## Data items
#####
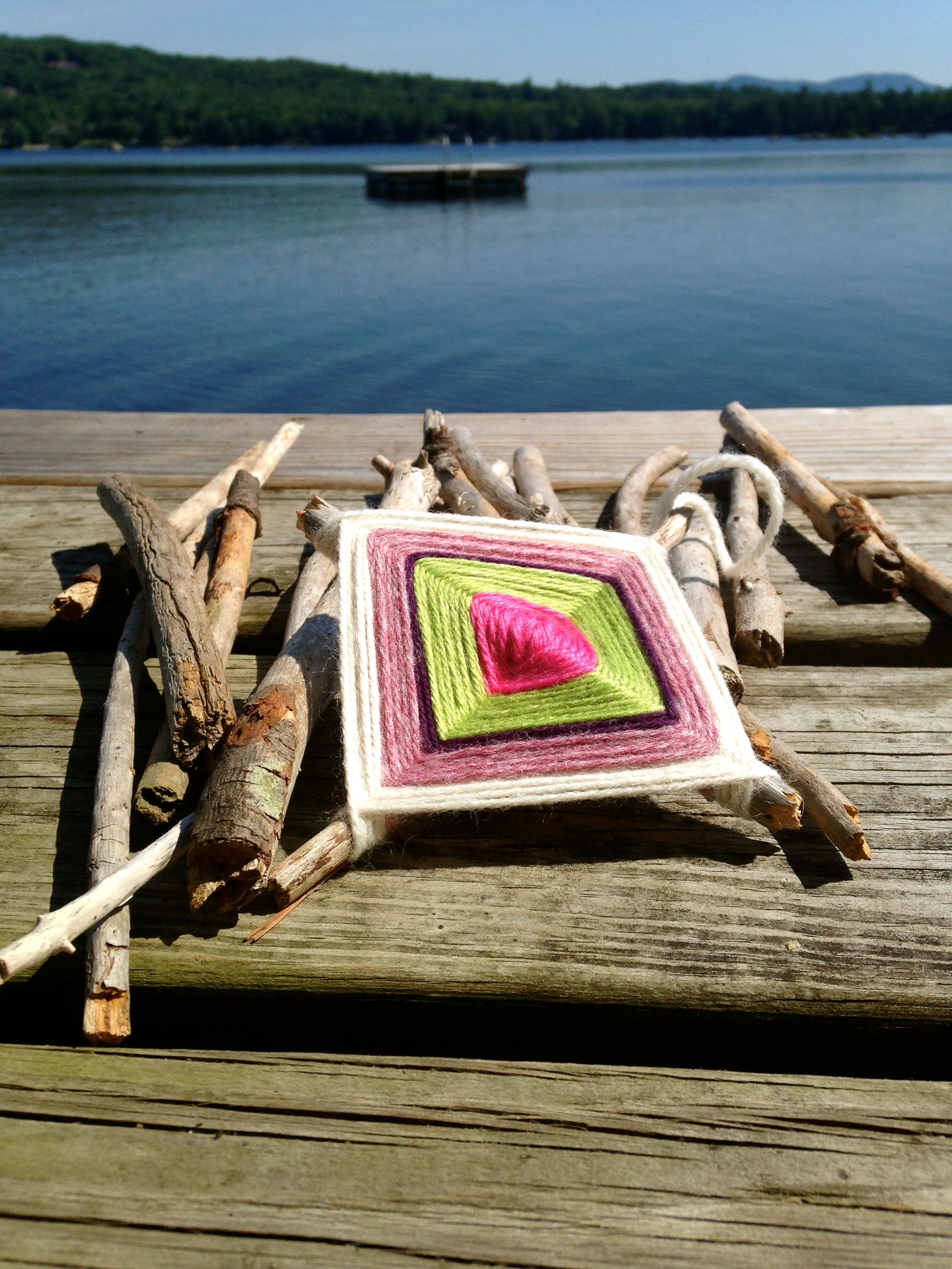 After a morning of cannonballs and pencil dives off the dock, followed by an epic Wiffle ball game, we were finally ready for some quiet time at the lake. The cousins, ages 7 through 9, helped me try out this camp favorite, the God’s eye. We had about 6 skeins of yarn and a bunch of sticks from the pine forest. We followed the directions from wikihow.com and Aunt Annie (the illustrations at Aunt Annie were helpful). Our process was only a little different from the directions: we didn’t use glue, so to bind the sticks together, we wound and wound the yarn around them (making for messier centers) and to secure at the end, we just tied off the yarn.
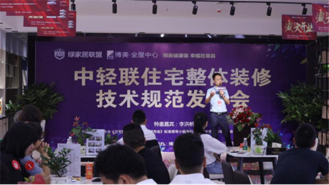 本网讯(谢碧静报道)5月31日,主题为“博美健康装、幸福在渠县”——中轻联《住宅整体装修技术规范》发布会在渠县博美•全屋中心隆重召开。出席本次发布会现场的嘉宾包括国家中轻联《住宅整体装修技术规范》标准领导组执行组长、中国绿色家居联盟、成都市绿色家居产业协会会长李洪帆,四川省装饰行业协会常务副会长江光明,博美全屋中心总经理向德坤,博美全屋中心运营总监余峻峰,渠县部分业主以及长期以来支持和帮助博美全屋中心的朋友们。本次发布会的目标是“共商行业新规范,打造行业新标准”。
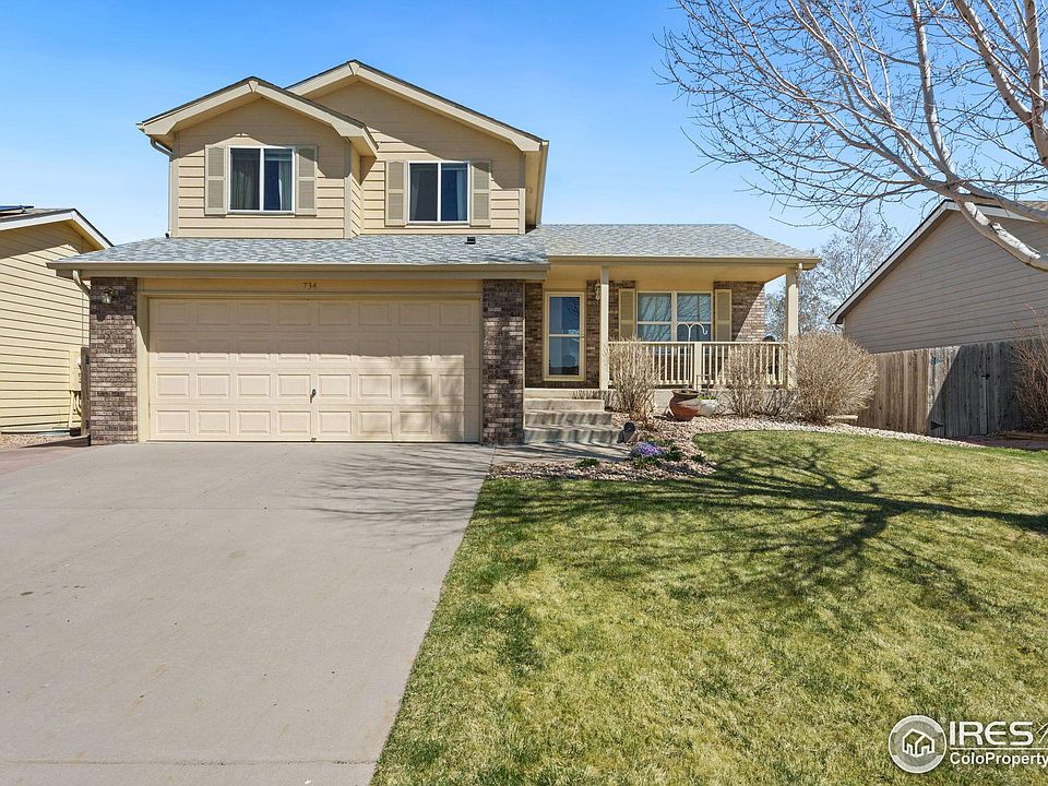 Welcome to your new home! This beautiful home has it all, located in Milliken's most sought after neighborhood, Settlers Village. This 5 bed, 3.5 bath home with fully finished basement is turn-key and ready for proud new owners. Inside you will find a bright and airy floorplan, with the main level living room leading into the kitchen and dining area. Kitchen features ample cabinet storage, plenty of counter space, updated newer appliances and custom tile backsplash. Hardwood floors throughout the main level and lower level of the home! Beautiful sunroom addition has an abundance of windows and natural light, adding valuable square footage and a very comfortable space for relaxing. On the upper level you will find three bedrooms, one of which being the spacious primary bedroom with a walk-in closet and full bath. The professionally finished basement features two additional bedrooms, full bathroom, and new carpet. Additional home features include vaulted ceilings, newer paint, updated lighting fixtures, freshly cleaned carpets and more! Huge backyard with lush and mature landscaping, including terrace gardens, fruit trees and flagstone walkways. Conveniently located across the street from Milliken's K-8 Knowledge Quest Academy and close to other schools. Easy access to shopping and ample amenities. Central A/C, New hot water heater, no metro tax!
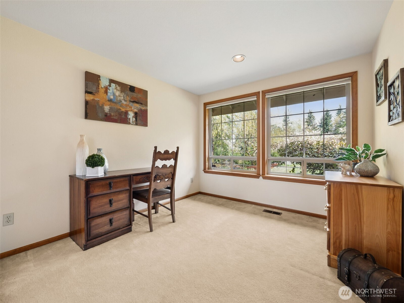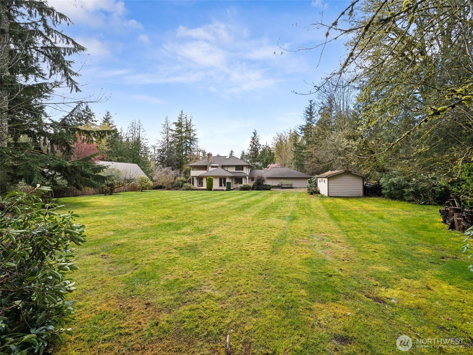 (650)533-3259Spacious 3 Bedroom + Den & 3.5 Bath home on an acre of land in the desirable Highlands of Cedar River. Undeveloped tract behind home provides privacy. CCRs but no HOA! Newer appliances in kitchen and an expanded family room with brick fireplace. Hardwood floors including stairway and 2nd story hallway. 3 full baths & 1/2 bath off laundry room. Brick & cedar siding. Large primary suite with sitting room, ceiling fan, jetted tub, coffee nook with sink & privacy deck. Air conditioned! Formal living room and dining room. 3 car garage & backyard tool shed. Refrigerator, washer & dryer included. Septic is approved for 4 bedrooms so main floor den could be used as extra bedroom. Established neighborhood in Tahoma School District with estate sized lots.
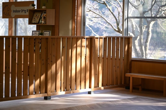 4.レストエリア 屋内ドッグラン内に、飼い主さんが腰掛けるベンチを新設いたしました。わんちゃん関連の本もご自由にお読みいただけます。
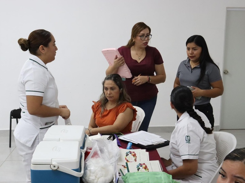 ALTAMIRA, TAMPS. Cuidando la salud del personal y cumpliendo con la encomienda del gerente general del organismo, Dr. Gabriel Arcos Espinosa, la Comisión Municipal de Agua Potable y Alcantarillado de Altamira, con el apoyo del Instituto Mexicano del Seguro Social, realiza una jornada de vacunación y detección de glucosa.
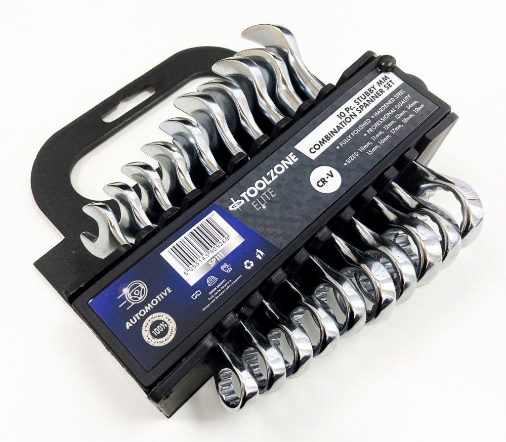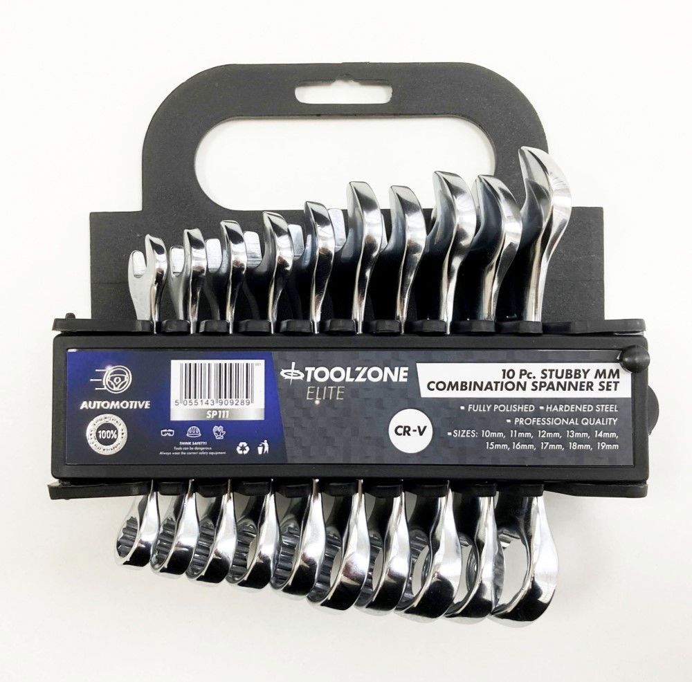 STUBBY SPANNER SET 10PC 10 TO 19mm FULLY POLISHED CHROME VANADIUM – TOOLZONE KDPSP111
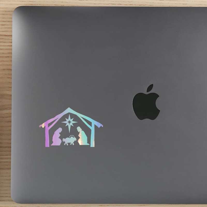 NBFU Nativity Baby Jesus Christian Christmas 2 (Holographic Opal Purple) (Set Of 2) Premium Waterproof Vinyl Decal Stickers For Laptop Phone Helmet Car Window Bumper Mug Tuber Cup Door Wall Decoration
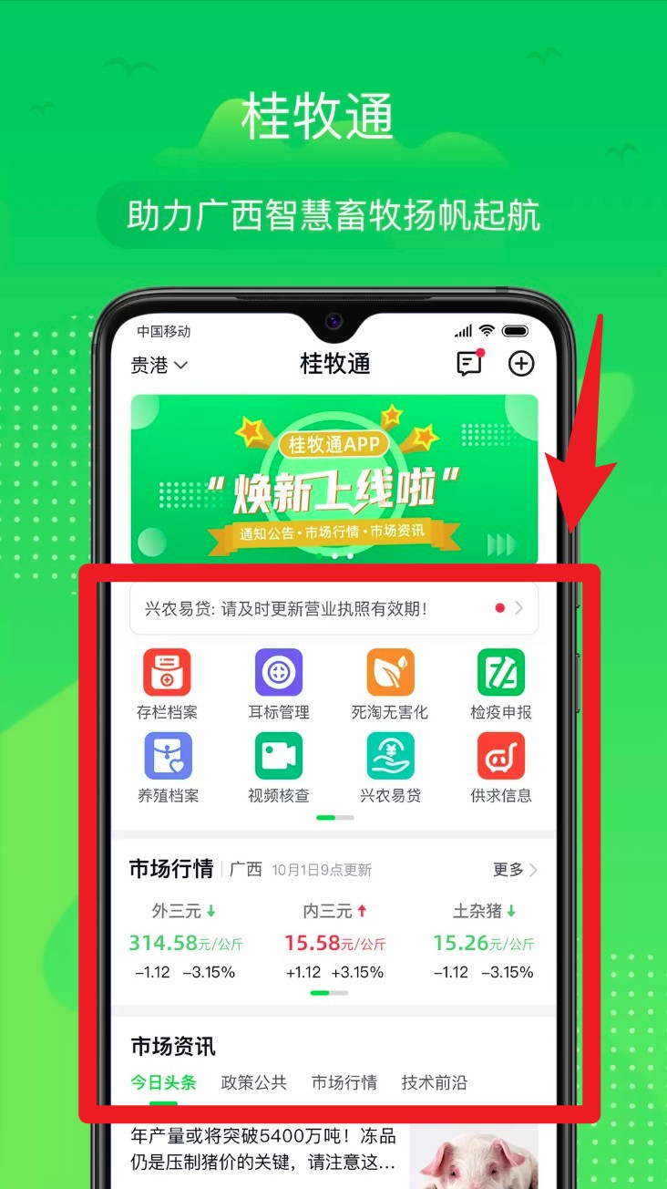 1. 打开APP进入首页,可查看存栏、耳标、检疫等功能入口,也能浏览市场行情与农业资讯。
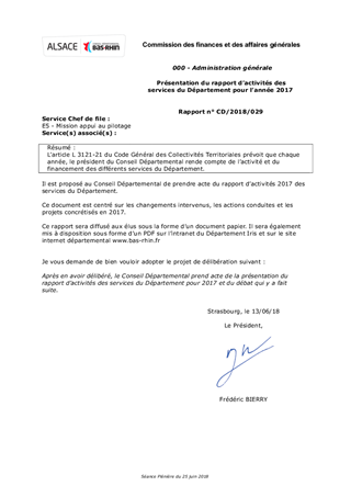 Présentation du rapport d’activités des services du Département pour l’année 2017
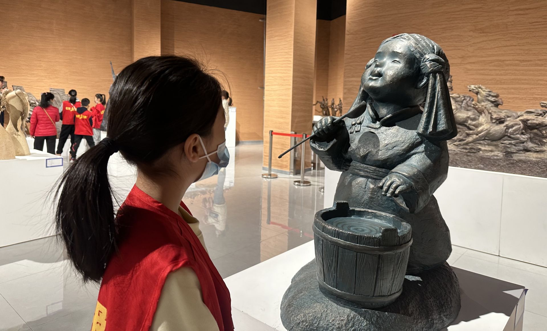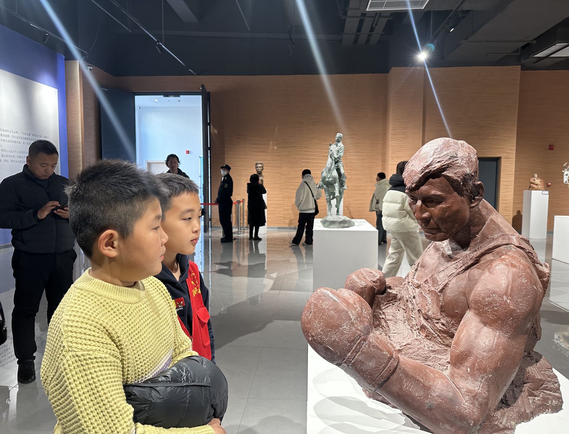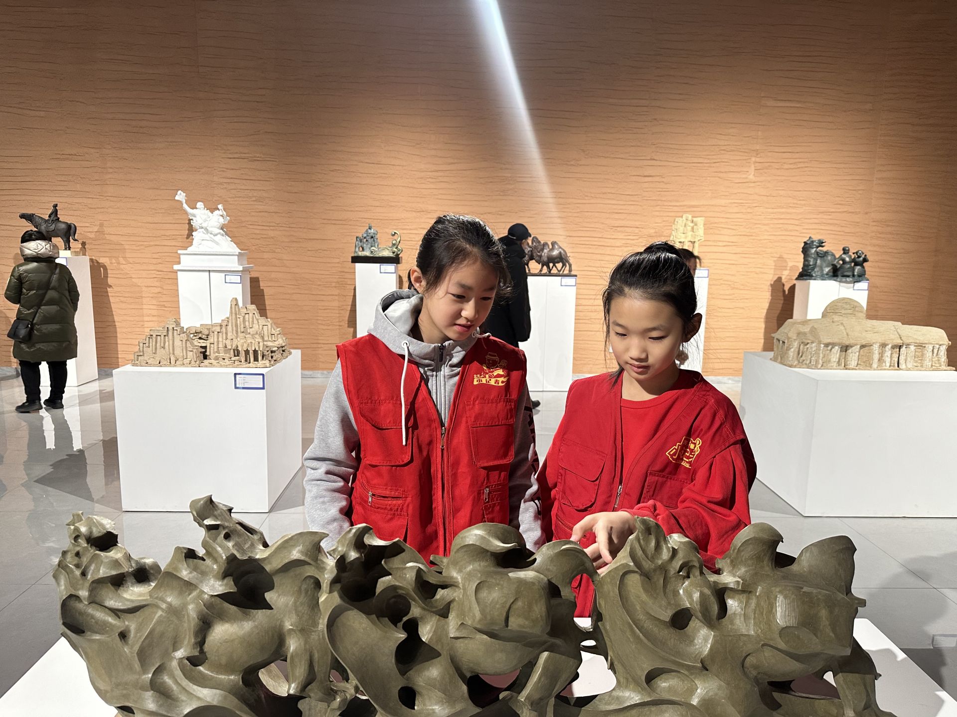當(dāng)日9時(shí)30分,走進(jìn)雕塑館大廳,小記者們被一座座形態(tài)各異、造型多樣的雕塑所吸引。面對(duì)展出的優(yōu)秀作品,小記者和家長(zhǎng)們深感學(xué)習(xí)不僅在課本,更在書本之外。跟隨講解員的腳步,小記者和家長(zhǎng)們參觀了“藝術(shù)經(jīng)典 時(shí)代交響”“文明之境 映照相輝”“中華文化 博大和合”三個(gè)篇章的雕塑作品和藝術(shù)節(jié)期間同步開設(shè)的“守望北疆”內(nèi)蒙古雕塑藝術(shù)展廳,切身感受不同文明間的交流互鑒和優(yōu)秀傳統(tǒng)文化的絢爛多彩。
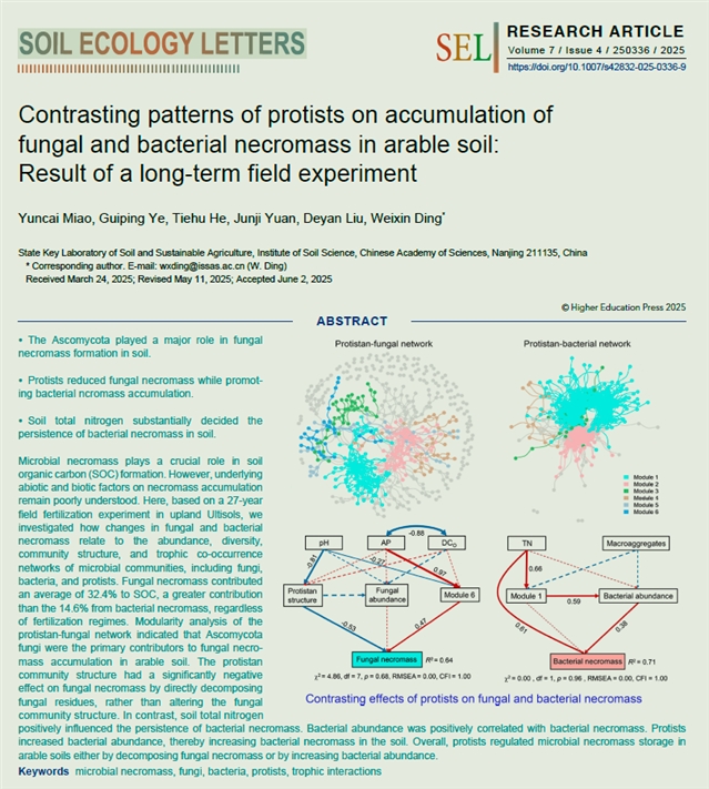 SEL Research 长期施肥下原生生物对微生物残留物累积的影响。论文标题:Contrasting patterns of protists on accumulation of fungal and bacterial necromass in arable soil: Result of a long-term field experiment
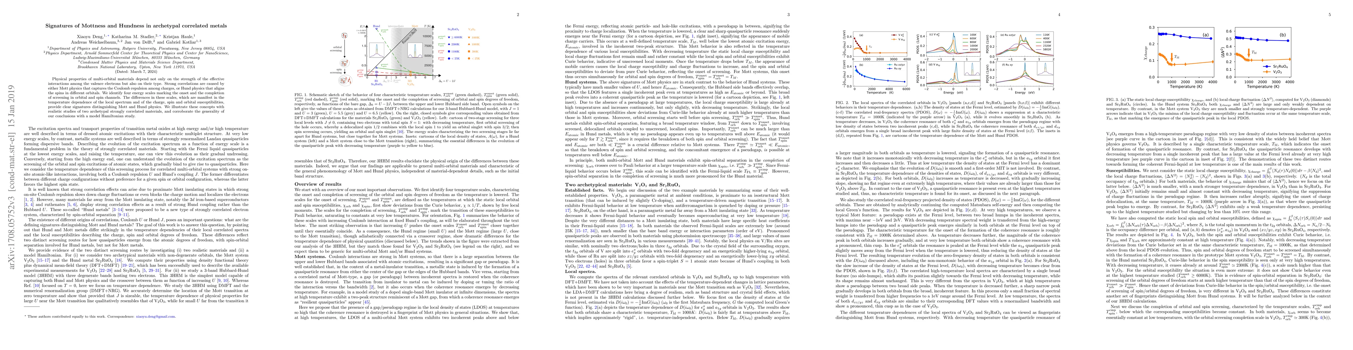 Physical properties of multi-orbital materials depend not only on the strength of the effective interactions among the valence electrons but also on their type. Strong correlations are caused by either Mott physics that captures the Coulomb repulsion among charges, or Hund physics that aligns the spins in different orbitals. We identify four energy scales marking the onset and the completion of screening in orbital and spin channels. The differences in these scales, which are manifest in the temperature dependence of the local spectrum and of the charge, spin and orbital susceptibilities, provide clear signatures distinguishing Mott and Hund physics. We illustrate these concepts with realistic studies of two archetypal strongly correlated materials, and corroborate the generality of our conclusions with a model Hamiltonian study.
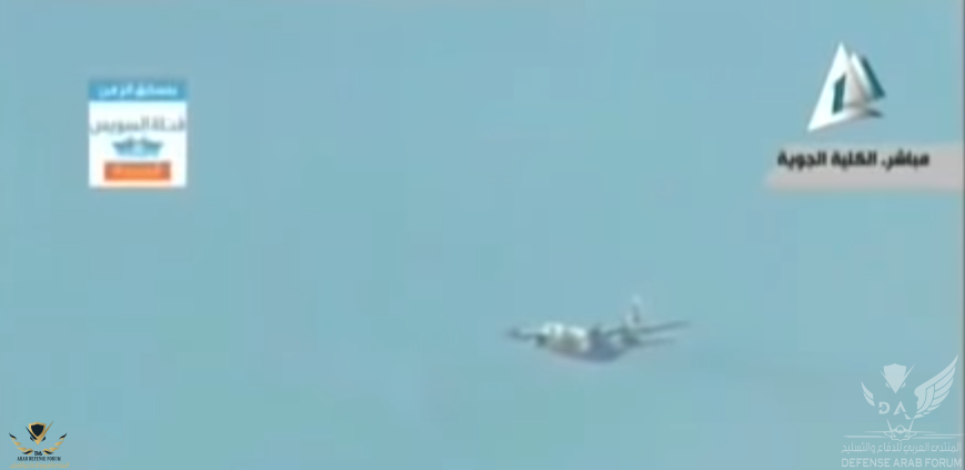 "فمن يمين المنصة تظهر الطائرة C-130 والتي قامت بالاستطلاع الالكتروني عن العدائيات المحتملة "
#####
## EXERCISE DETAILS
Set the records down again exactly, with no pictures.

## OUTPUT BELOW
 After a morning of cannonballs and pencil dives off the dock, followed by an epic Wiffle ball game, we were finally ready for some quiet time at the lake. The cousins, ages 7 through 9, helped me try out this camp favorite, the God’s eye. We had about 6 skeins of yarn and a bunch of sticks from the pine forest. We followed the directions from wikihow.com and Aunt Annie (the illustrations at Aunt Annie were helpful). Our process was only a little different from the directions: we didn’t use glue, so to bind the sticks together, we wound and wound the yarn around them (making for messier centers) and to secure at the end, we just tied off the yarn.
 本网讯(谢碧静报道)5月31日,主题为“博美健康装、幸福在渠县”——中轻联《住宅整体装修技术规范》发布会在渠县博美•全屋中心隆重召开。出席本次发布会现场的嘉宾包括国家中轻联《住宅整体装修技术规范》标准领导组执行组长、中国绿色家居联盟、成都市绿色家居产业协会会长李洪帆,四川省装饰行业协会常务副会长江光明,博美全屋中心总经理向德坤,博美全屋中心运营总监余峻峰,渠县部分业主以及长期以来支持和帮助博美全屋中心的朋友们。本次发布会的目标是“共商行业新规范,打造行业新标准”。
 Welcome to your new home! This beautiful home has it all, located in Milliken's most sought after neighborhood, Settlers Village. This 5 bed, 3.5 bath home with fully finished basement is turn-key and ready for proud new owners. Inside you will find a bright and airy floorplan, with the main level living room leading into the kitchen and dining area. Kitchen features ample cabinet storage, plenty of counter space, updated newer appliances and custom tile backsplash. Hardwood floors throughout the main level and lower level of the home! Beautiful sunroom addition has an abundance of windows and natural light, adding valuable square footage and a very comfortable space for relaxing. On the upper level you will find three bedrooms, one of which being the spacious primary bedroom with a walk-in closet and full bath. The professionally finished basement features two additional bedrooms, full bathroom, and new carpet. Additional home features include vaulted ceilings, newer paint, updated lighting fixtures, freshly cleaned carpets and more! Huge backyard with lush and mature landscaping, including terrace gardens, fruit trees and flagstone walkways. Conveniently located across the street from Milliken's K-8 Knowledge Quest Academy and close to other schools. Easy access to shopping and ample amenities. Central A/C, New hot water heater, no metro tax!
 (650)533-3259Spacious 3 Bedroom + Den & 3.5 Bath home on an acre of land in the desirable Highlands of Cedar River. Undeveloped tract behind home provides privacy. CCRs but no HOA! Newer appliances in kitchen and an expanded family room with brick fireplace. Hardwood floors including stairway and 2nd story hallway. 3 full baths & 1/2 bath off laundry room. Brick & cedar siding. Large primary suite with sitting room, ceiling fan, jetted tub, coffee nook with sink & privacy deck. Air conditioned! Formal living room and dining room. 3 car garage & backyard tool shed. Refrigerator, washer & dryer included. Septic is approved for 4 bedrooms so main floor den could be used as extra bedroom. Established neighborhood in Tahoma School District with estate sized lots.
 4.レストエリア 屋内ドッグラン内に、飼い主さんが腰掛けるベンチを新設いたしました。わんちゃん関連の本もご自由にお読みいただけます。
 ALTAMIRA, TAMPS. Cuidando la salud del personal y cumpliendo con la encomienda del gerente general del organismo, Dr. Gabriel Arcos Espinosa, la Comisión Municipal de Agua Potable y Alcantarillado de Altamira, con el apoyo del Instituto Mexicano del Seguro Social, realiza una jornada de vacunación y detección de glucosa.
 STUBBY SPANNER SET 10PC 10 TO 19mm FULLY POLISHED CHROME VANADIUM – TOOLZONE KDPSP111
 NBFU Nativity Baby Jesus Christian Christmas 2 (Holographic Opal Purple) (Set Of 2) Premium Waterproof Vinyl Decal Stickers For Laptop Phone Helmet Car Window Bumper Mug Tuber Cup Door Wall Decoration
 1. 打开APP进入首页,可查看存栏、耳标、检疫等功能入口,也能浏览市场行情与农业资讯。
 Présentation du rapport d’activités des services du Département pour l’année 2017
當(dāng)日9時(shí)30分,走進(jìn)雕塑館大廳,小記者們被一座座形態(tài)各異、造型多樣的雕塑所吸引。面對(duì)展出的優(yōu)秀作品,小記者和家長(zhǎng)們深感學(xué)習(xí)不僅在課本,更在書本之外。跟隨講解員的腳步,小記者和家長(zhǎng)們參觀了“藝術(shù)經(jīng)典 時(shí)代交響”“文明之境 映照相輝”“中華文化 博大和合”三個(gè)篇章的雕塑作品和藝術(shù)節(jié)期間同步開設(shè)的“守望北疆”內(nèi)蒙古雕塑藝術(shù)展廳,切身感受不同文明間的交流互鑒和優(yōu)秀傳統(tǒng)文化的絢爛多彩。
 SEL Research 长期施肥下原生生物对微生物残留物累积的影响。论文标题:Contrasting patterns of protists on accumulation of fungal and bacterial necromass in arable soil: Result of a long-term field experiment
 Physical properties of multi-orbital materials depend not only on the strength of the effective interactions among the valence electrons but also on their type. Strong correlations are caused by either Mott physics that captures the Coulomb repulsion among charges, or Hund physics that aligns the spins in different orbitals. We identify four energy scales marking the onset and the completion of screening in orbital and spin channels. The differences in these scales, which are manifest in the temperature dependence of the local spectrum and of the charge, spin and orbital susceptibilities, provide clear signatures distinguishing Mott and Hund physics. We illustrate these concepts with realistic studies of two archetypal strongly correlated materials, and corroborate the generality of our conclusions with a model Hamiltonian study.
 "فمن يمين المنصة تظهر الطائرة C-130 والتي قامت بالاستطلاع الالكتروني عن العدائيات المحتملة "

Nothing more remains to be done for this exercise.